Slicing is a fault localization technique that has been proposed to support debugging and program comprehension. Yet, its empirical effectiveness during code inspection by humans has received limited attention. The goal of our study is two-fold. First, we aim to define what it means for a code reviewer to identify the vulnerable lines correctly. Second, we investigate whether reducing the number of to-be-inspected lines by method-level slicing supports code reviewers in detecting security vulnerabilities. We propose a novel approach based on the notion of a $δ$ -neighborhood (intuitively based on the idea of the context size of the command git diff) to define correctly identified lines. Then, we conducted a multi-year controlled experiment (2017-2023) in which MSc students attending security courses ( $n = 236$ ) were tasked with identifying vulnerable lines in original or sliced Java files from Apache Tomcat. We provide perfect seed lines for a slicing algorithm to control for confounding factors.
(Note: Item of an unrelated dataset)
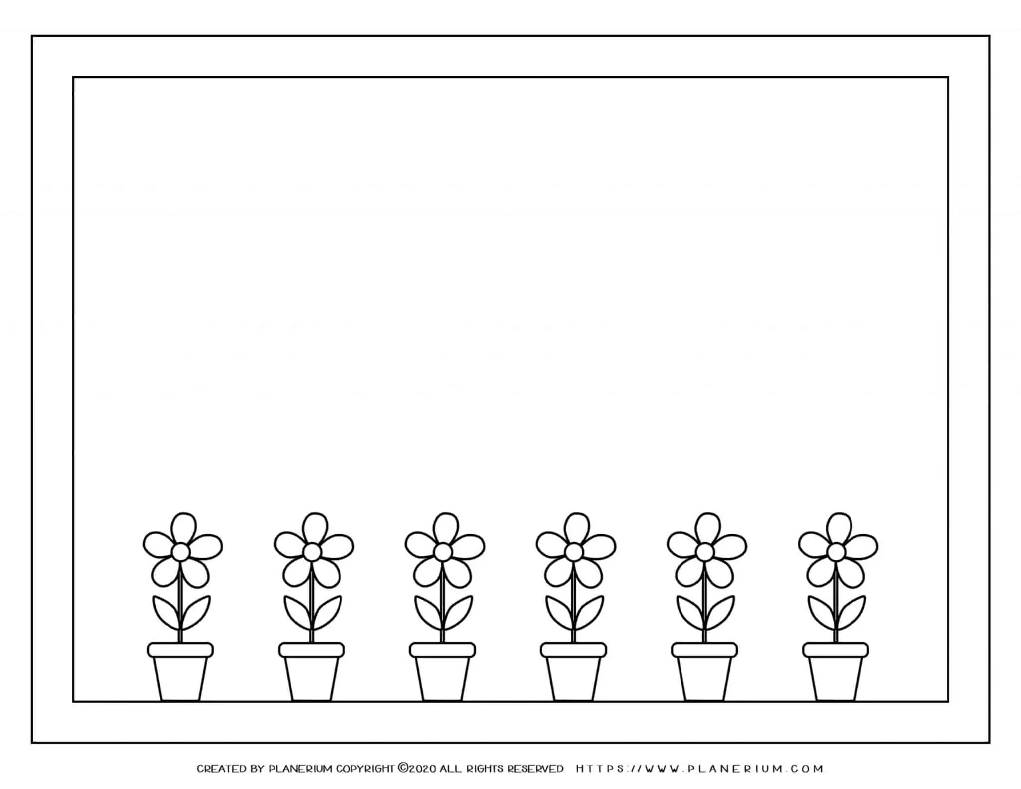 This printable features a charming flower-filled window with a decorative frame and six pots to color, label, or decorate. The simple lines make it accessible for preschoolers through elementary students; older kids can add patterns, shading, or write spring vocabulary around the frame.

Each treatment differs in the pair (Vulnerability, Original/Sliced) with a balanced design with vulnerabilities from the OWASP Top 10 2017: A1 (Injection), A5 (Broken Access Control), A6 (Security Misconfiguration), and A7 (Cross-Site Scripting). To generate smaller slices for human consumption, we used a variant of intra-procedural thin slicing. We report the results for $δ = 0$ which corresponds to exactly matching the vulnerable ground truth lines, and $δ = 3$ which represents the scenario of identifying the vulnerable area. For both cases, we found that slicing helps in 'finding something' (the participant has found at least some vulnerable lines) as opposed to 'finding nothing'. For the case of $δ = 0$ analyzing a slice and analyzing the original file are statistically equivalent from the perspective of lines found by those who found something. With $δ = 3$ slicing helps to find more vulnerabilities compared to analyzing an original file, as we would normally expect. Given the type of population, additional experiments are necessary to be generalized to experienced developers.

查看原文本刊更多论文

论程序切片在代码检查过程中漏洞检测中的作用。

切片是一种支持调试和程序理解的故障定位技术。然而，它在人类代码检查中的经验有效性受到了有限的关注。我们研究的目的是双重的。首先，我们的目标是定义代码审查者正确识别易受攻击的行意味着什么。其次，我们研究了通过方法级切片减少待检查行的数量是否支持代码审查者检测安全漏洞。我们提出了一种基于δ邻域概念的新方法（直观地基于命令git diff的上下文大小的想法）来定义正确识别的行。然后，我们进行了一项多年的对照实验（2017-2023），其中参加安全课程的理学硕士学生（n = 236）的任务是识别来自Apache Tomcat的原始或切片Java文件中的脆弱行。我们为切片算法提供了完美的种子线，以控制混杂因素。每种处理方法都不同（漏洞，原始/切片），并采用平衡设计，其中包含OWASP 2017年十大漏洞：A1（注入），A5（破坏访问控制），A6（安全错误配置）和A7（跨站点脚本）。为了生成供人类食用的更小的切片，我们使用了程序内薄切片的一种变体。我们报告了δ = 0和δ = 3的结果，δ = 0对应于脆弱地面真实线的精确匹配，δ = 3代表识别脆弱区域的场景。在这两种情况下，我们都发现切片有助于“找到一些东西”（参与者至少找到了一些脆弱的线条），而不是“什么都找不到”。对于δ = 0的情况，从发现某些东西的人发现的行的角度来看，分析切片和分析原始文件在统计上是相等的。与分析原始文件相比，δ = 3切片有助于发现更多漏洞，正如我们通常所期望的那样。考虑到人口的类型，有必要向有经验的开发人员推广额外的实验。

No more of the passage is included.